They’ll be shucking oysters by the barrel, at the Acme, this weekend, and serving up plenty of crawfish gumbo at The Court of Two Sisters. But even the most lavish feast, on Bourbon Street, won’t do much to brighten the mood when thousands of the nation’s dealers gather in New Orleans.
There’s always a blend of camaraderie and confrontation at the annual conference of the National Automobile Dealers Association, but this year’s event is likely to have a distinctly elevated stress level. According to the NADA, the number of new car retailers in the U.S. is falling off at the fastest pace in decades. As 2008 came to a close, at least two dealers a day were closing up shop. And since most own more than one showroom, the storefront decline is even more rapid.
Typically, the NADA convention attracts the nation’s more prosperous retailers, yet this year, even they recognize there’s no guarantee of survival. “The fact is,” warns Chrysler Vice Chairman Jim Press, “when you take one-third of the market out, the number of dealers has to be reduced.”
The fact that even Toyota expects attrition in its dealer base is noteworthy. But the big cuts are going to come on the domestic side of the industry. In decades past, having a large retail network was a competitive advantage, and in certain rural markets, it still is, says General Motors Chairman Fritz Henderson, “We have a higher penetration in those areas. So, we have no interest in doing anything other than support them.”

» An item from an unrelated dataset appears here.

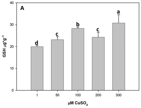 The exposure of explants to the heavy metal induces many stressors, including a significant increase in ROS within the culture environment, resulting in different abnormalities that disrupt the metabolic functions of the plant, even at the molecular level [61]. GSH levels of in vitro olive shoots are shown in Figure 5A; results from ANOVA showed they were statistically significant, with p = 0.032. The content of GSH was increased by treatment with Cu. At optimal or low concentrations of Cu, such as 50 µM, plantlets could sustain or marginally elevate GSH levels to improve antioxidant defense. The increase of Cu concentrations in the media stimulates the accumulation of GSH as a part of the antioxidant defense response. At the highest concentration of Cu (300 µM), GSH increased by 54.3% compared to the control shoots (Figure 5A). GSH is a low molecular weight tripeptide compound that contains a sulfhydryl group and is an important metal chelator and antioxidant [62], which facilitates the regulation of the cell cycle, cell detoxification, and subsequently antioxidant defenses. Through the AsA, GSH cycle (AsA–GSH), GSH improves the tolerance to Cu. Other studies have confirmed that with the increase in Cu concentration, the content of protein thiol in the cells of green algae Scenedesmus increased, while the content of GSH, in contrast, significantly decreased [63]. In addition, Thounaojam et al. [64] found that the content of GSH increased under Cu stress, and the tolerance of rice to Cu improved.
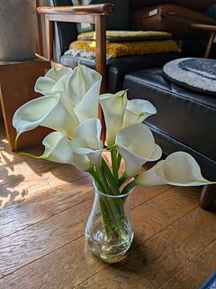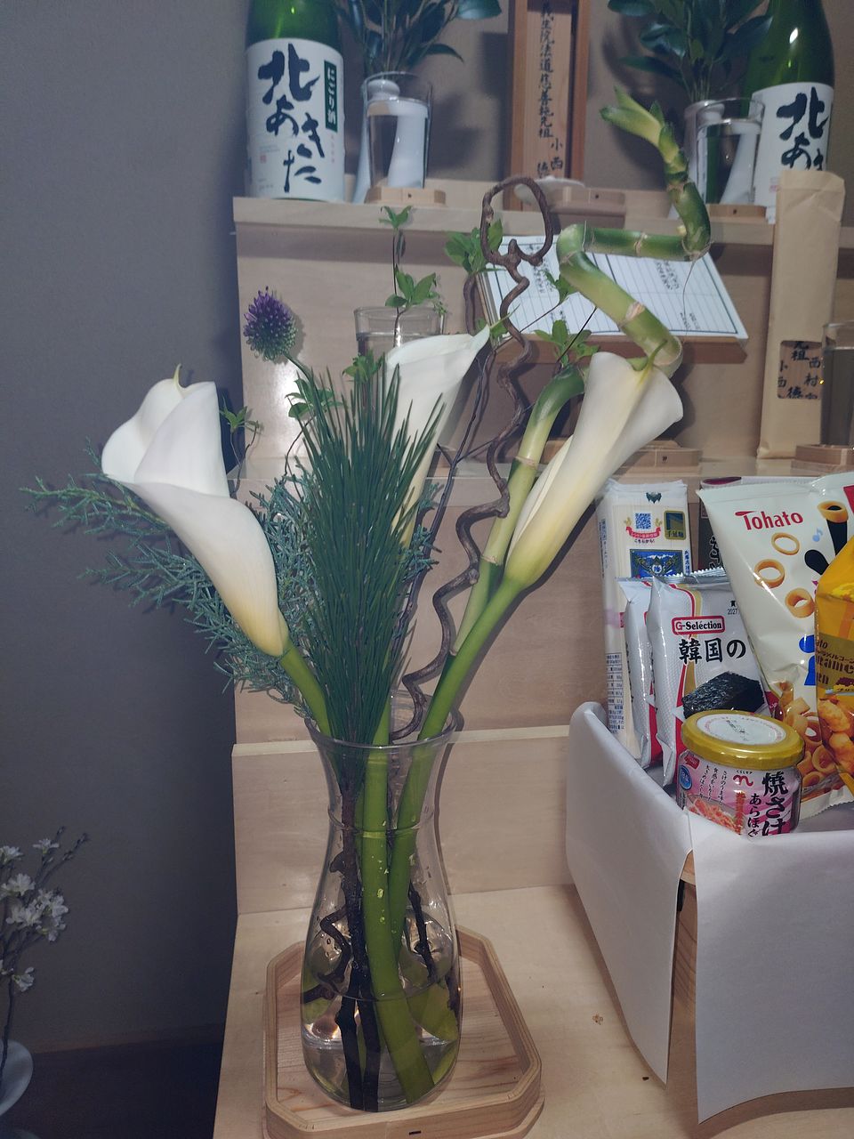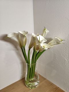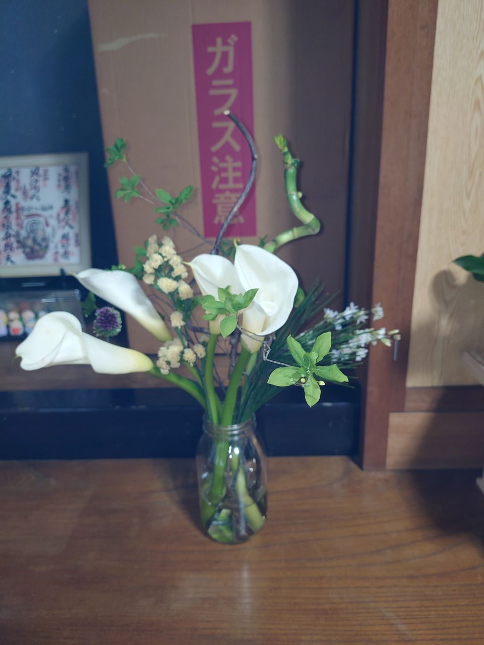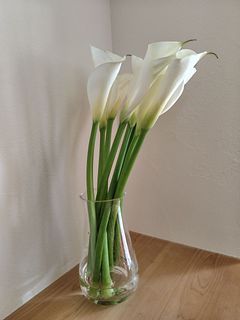 今回のカラーは、茎が太くて、しっかりしてました。 届くまで心配😟でしたが、永く楽しめたら嬉しいです。 ミリオンバンブーのクネクネブーケと、一緒に置きました。

It’s a different story entirely in the urban markets, interjects Mike Jackson, CEO of the massive AutoNation dealer network. In cities like Detroit, Chicago and Los Angeles, “There needs to be a major fallout in the number of retail outlets,” he contends, and Big Three executives, like GM’s Henderson agree.
Part of the problem is that with sales and market share down, existing dealers simply can’t move enough metal to support their operations. And hungry dealers cut deals, often bidding against retailers selling the same franchise’s products just a few miles away. GM wants its retailers to compete against Ford and Toyota and Mercedes-Benz, not against other GM stores.
The U.S. giant aims to trim its dealer count from 6,901, in 2007, to just 4,700 by 2012. Ford and Chrysler are targeting similar cutbacks.
How to get there is a subject that’s likely to be the topic of heated debate in the so-called “make” meetings at the NADA convention. Tough state franchise laws make it difficult for a manufacturer to simply shutter a retailer. Usually, it requires some tough negotiations and can result in a multi-million-dollar buyout.
The economy is doing some of the work for Detroit’s makers, with 100s, perhaps even 1000 or more dealers likely to go broke before the economy – and the car market – recover. But that’s a mixed blessing, as Jim Taylor, until recently head of the Cadillac division, and now in charge of Hummer, notes. The economic meltdown is killing off not only some of GM’s “worst dealers, but also some of our best,” because they’re the ones investing heavily to upgrade their stores and carry a full inventory.
And so, if you’re heading to New Orleans, this weekend, don’t be surprised to see a fair number of folks in loud sports coats and NADA convention nametags walking down Bourbon Street slurping down those oversized Hurricane drinks normally reserved for Mardi Gras revelers. The problem is that the subsequent hangover may not go away anytime soon.